__ASSIGNED TASK__
Retype, please, the listing from its opening line through the line that contains "แถวระฆังรอบพระ", both included, without the pictures.

__THE DATA__
____________

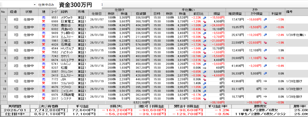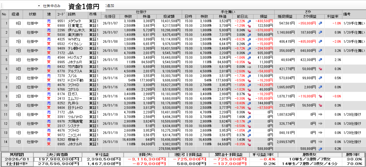 仕掛け及び手仕舞いは、全て翌日の寄付き成行で
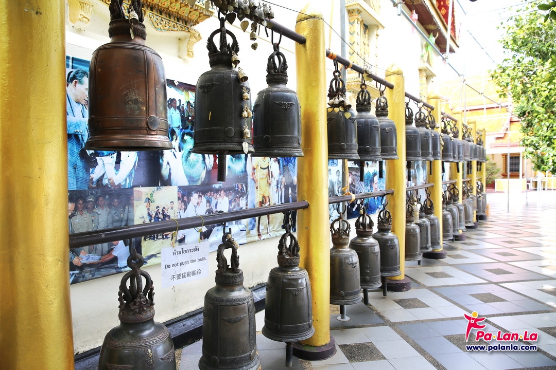 แถวระฆังรอบพระธาตุดอยสุเทพ ตามคติมงคลที่เชื่อว่าหากลูบหรือเคาะระฆังจะทำให้ชื่อเสียงกังวานไกลดั่งเสียงระฆัง
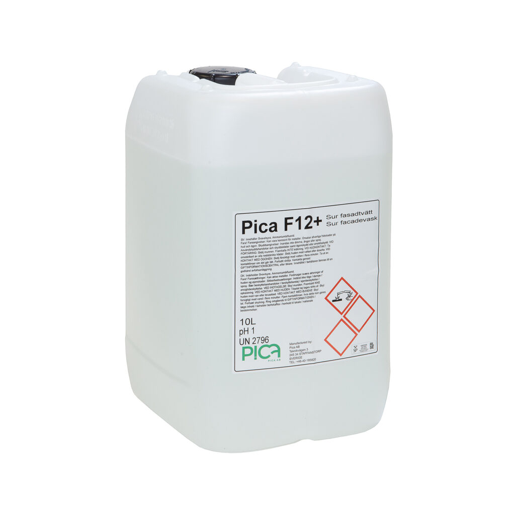 Att hålla sina fasader rena och fria från smuts, trafikfilm och annan kontaminering är en investering för framtiden. Smutsiga fasader och tak ser inte bara illa ut, det är även skadligt för fasaden. När en fasadtvätt skall utföras är det viktigt att man man använder rätt fasadtvättmedel. Vi på Pica AB erbjuder miljövänliga och effektiva produkter till fasadtvätt och fasadrengöring som löser upp smuts och trafikfilm och ger en fullgod fasadrengöring. Efter att en tak-, eller fasadrengöring utförts rekommenderar vi starkt att man även impregnerar underlaget. Våra produkter till tegelimpregnering och betongimpregnering gör att man slipper genomföra en fasadtvätt, algtvätt eller en mögeltvätt på många år framöver. Läs mer om våra olika produkter till fasadtvätt och fasadrengöring nedan och hitta den fasadtvätt och fasadrengöring som passar er bäst.
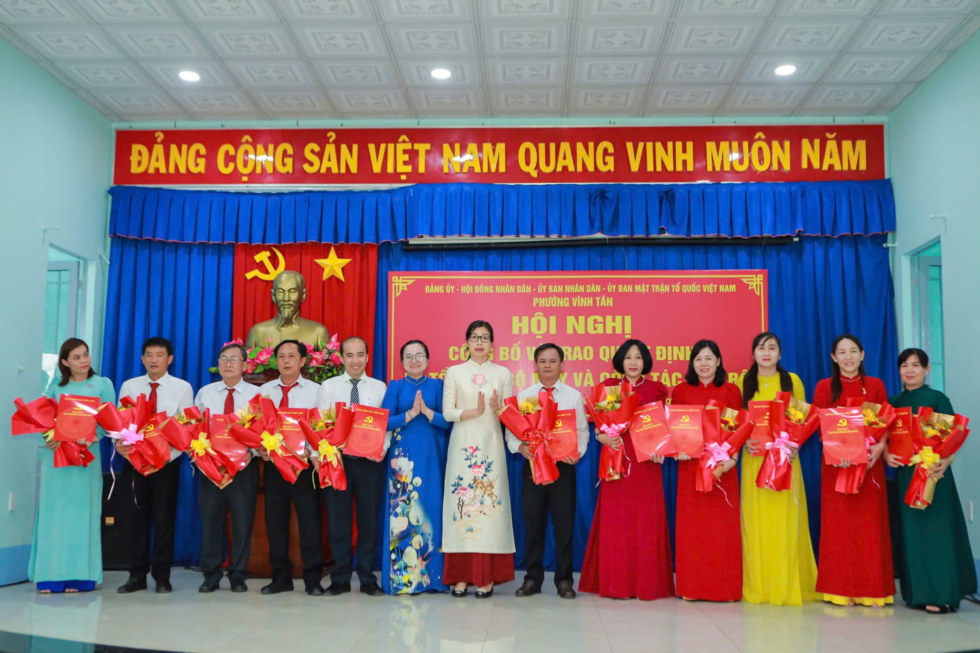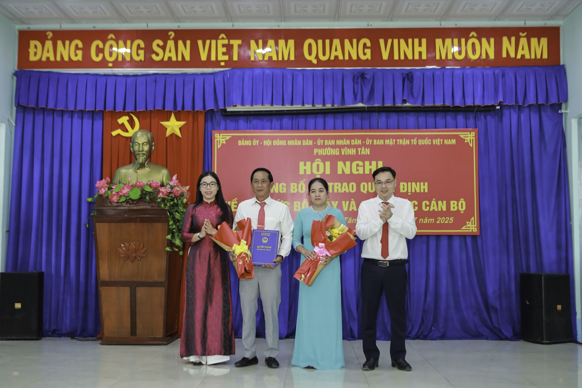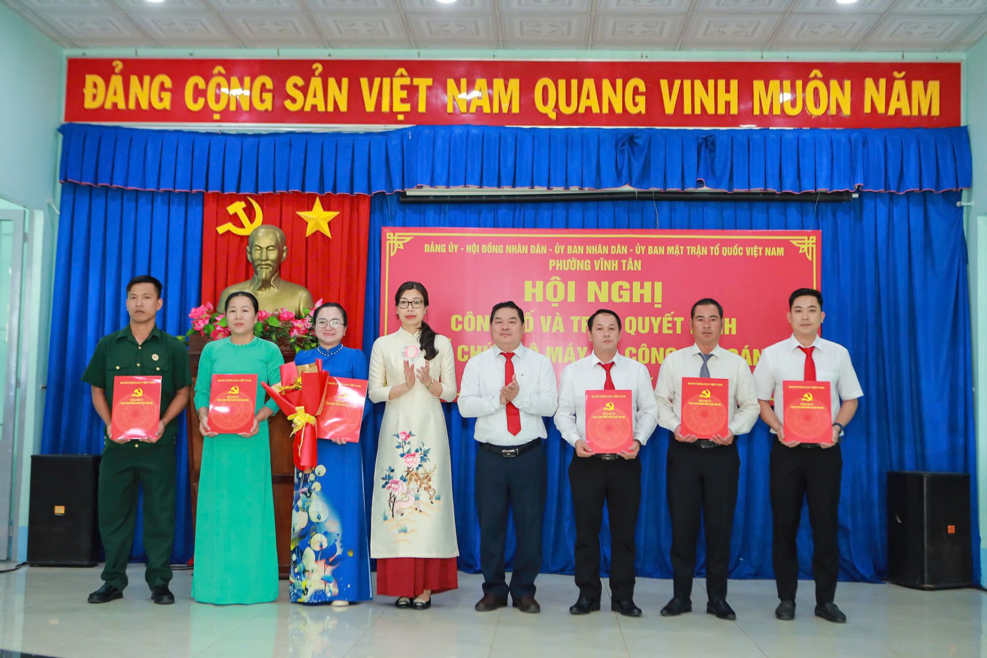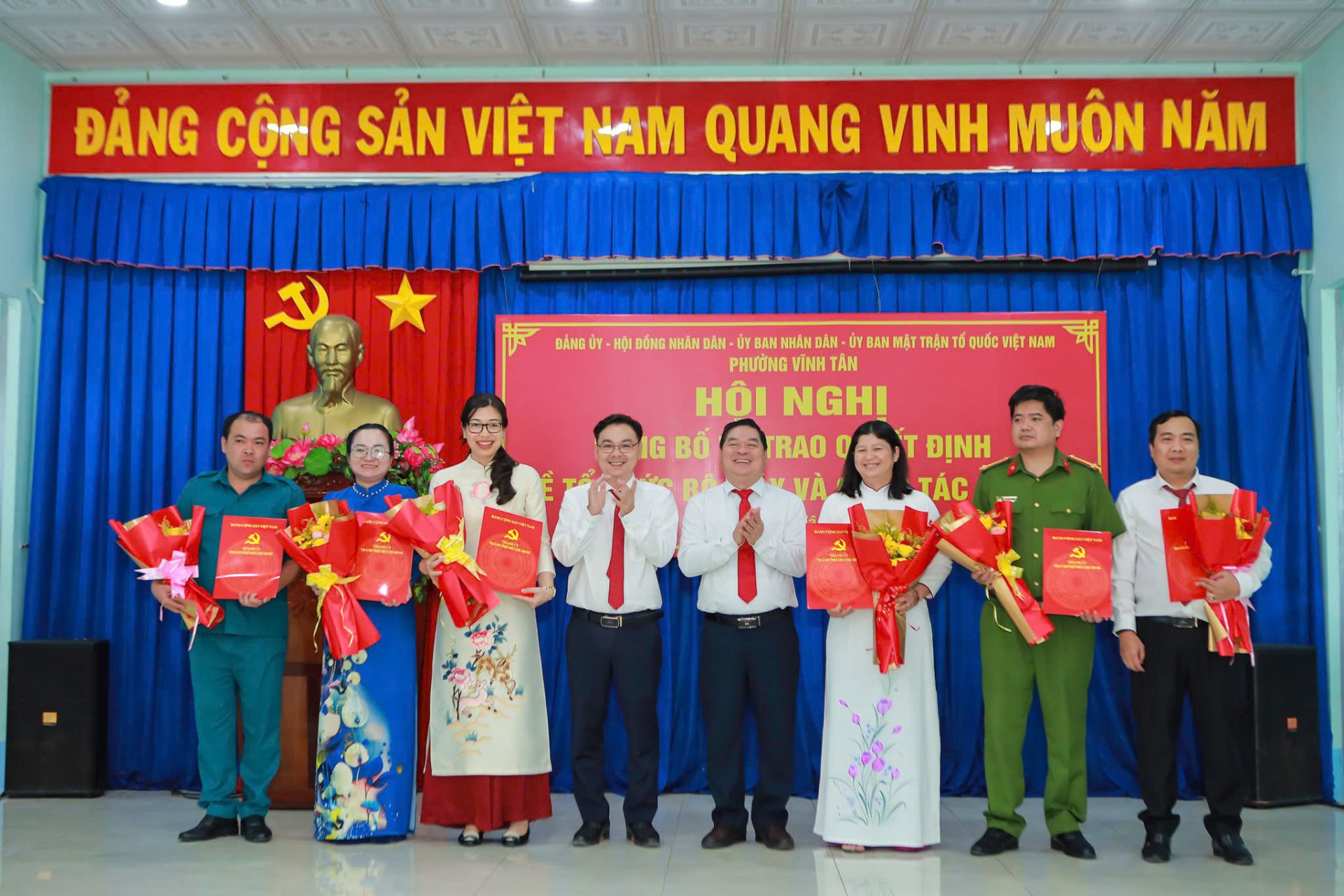Ngày 10/7/2025, tại Hội trường HĐND - UBND phường, Đảng ủy – HĐND – UBND – Ủy ban MTTQ Việt Nam phường Vĩnh Tân tổ chức Hội nghị công bố và trao các Nghị quyết, Quyết định của Thành ủy, UBND thành phố Hồ Chí Minh và các Quyết định của phường Vĩnh Tân về kiện toàn tổ chức bộ máy, công tác cán bộ theo mô hình chính quyền địa phương hai cấp.

____________

__RESULT OF THE EXERCISE__
 仕掛け及び手仕舞いは、全て翌日の寄付き成行で
 แถวระฆังรอบพระธาตุดอยสุเทพ ตามคติมงคลที่เชื่อว่าหากลูบหรือเคาะระฆังจะทำให้ชื่อเสียงกังวานไกลดั่งเสียงระฆัง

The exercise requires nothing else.